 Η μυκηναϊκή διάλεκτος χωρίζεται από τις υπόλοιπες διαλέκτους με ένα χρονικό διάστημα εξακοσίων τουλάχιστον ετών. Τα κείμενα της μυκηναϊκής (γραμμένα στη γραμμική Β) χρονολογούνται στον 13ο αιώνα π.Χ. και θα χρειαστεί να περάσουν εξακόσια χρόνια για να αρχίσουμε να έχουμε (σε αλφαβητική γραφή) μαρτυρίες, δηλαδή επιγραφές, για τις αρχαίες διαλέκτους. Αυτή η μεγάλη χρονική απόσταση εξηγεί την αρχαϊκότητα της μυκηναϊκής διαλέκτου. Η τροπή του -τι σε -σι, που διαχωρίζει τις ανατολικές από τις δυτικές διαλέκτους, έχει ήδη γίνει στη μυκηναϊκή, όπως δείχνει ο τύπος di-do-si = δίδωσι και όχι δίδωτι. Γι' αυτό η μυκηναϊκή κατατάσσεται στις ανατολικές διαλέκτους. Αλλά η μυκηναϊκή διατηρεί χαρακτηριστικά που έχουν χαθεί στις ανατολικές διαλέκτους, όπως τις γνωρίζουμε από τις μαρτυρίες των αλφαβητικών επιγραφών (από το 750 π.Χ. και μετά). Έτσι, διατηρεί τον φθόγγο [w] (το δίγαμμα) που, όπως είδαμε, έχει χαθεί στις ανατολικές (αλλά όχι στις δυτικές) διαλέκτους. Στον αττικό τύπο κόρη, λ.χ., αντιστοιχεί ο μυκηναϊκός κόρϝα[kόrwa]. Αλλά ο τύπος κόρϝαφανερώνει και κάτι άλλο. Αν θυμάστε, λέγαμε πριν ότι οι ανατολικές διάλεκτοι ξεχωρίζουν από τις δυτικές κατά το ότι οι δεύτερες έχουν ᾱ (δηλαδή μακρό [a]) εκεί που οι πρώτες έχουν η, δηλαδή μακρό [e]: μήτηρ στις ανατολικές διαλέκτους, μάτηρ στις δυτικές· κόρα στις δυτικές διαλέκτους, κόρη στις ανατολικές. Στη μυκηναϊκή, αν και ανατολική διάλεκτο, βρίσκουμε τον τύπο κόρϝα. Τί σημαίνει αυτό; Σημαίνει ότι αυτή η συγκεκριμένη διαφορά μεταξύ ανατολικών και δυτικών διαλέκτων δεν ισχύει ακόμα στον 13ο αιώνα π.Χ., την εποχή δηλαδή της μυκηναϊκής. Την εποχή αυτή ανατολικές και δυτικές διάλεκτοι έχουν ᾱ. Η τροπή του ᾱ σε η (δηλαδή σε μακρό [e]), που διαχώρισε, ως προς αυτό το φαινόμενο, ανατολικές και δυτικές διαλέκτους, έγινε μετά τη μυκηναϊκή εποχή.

--

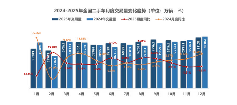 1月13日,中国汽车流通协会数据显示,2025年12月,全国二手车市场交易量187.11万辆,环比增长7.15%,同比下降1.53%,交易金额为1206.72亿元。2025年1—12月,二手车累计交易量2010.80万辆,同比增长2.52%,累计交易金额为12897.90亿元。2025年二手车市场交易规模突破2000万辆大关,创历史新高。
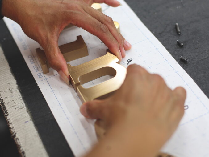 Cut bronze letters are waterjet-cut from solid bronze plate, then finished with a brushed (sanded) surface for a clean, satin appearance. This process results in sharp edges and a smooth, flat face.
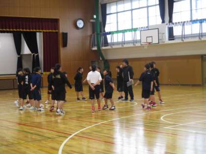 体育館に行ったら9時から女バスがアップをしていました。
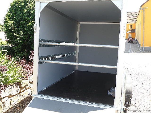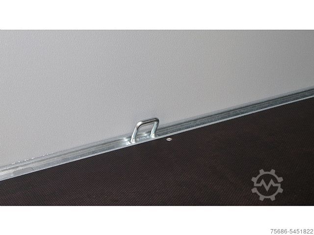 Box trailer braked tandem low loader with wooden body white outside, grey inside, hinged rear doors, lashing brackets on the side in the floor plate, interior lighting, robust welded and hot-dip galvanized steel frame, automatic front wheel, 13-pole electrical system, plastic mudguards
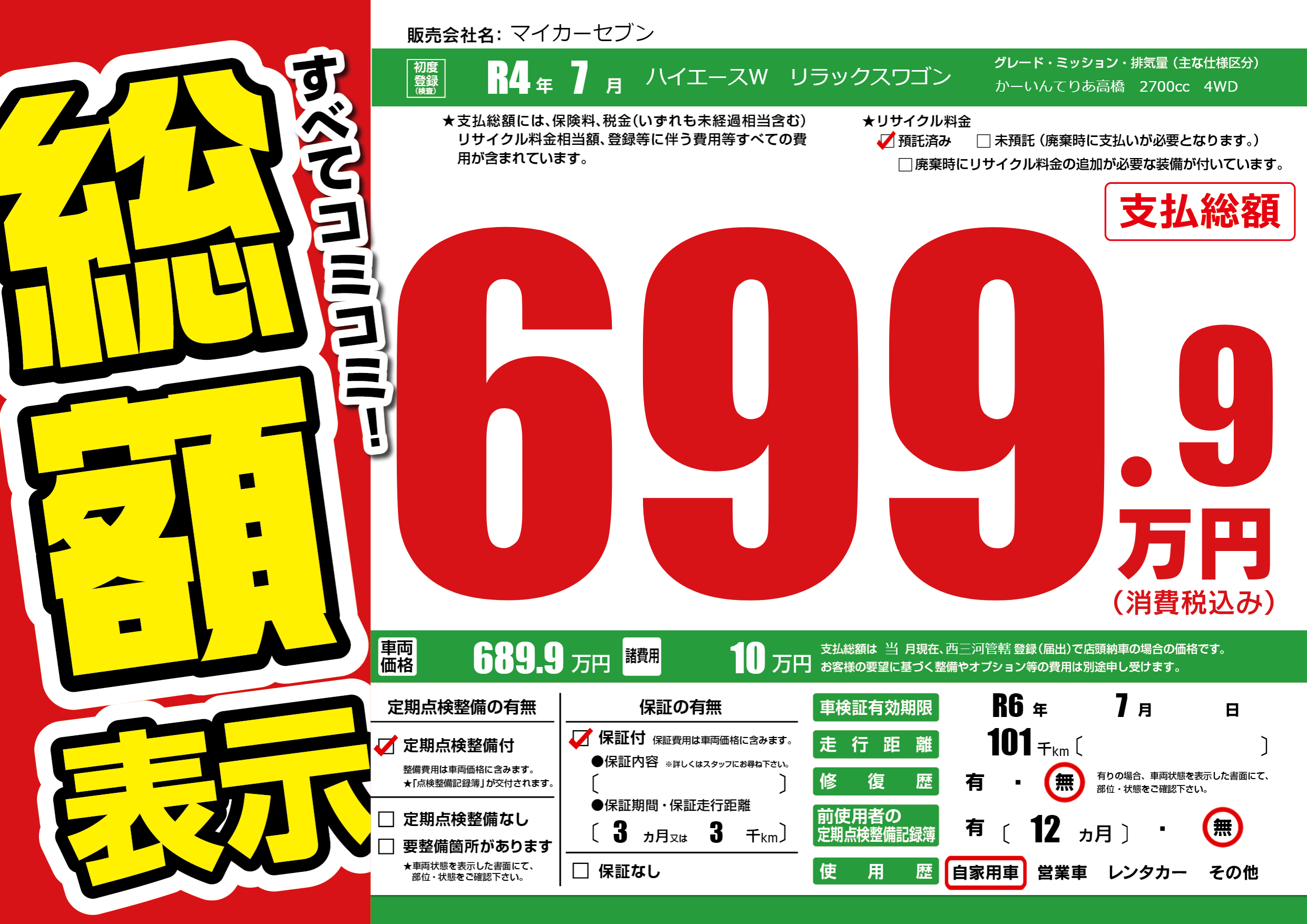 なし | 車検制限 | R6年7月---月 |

=== EXERCISE ===
Above are records; write out the lines from the one with "Box trailer braked" down to the one with "なし | 車検制限 | R6年7月---月 |", exactly, leaving the pictures out.

=== EXERCISE RESULT ===
 Box trailer braked tandem low loader with wooden body white outside, grey inside, hinged rear doors, lashing brackets on the side in the floor plate, interior lighting, robust welded and hot-dip galvanized steel frame, automatic front wheel, 13-pole electrical system, plastic mudguards
 なし | 車検制限 | R6年7月---月 |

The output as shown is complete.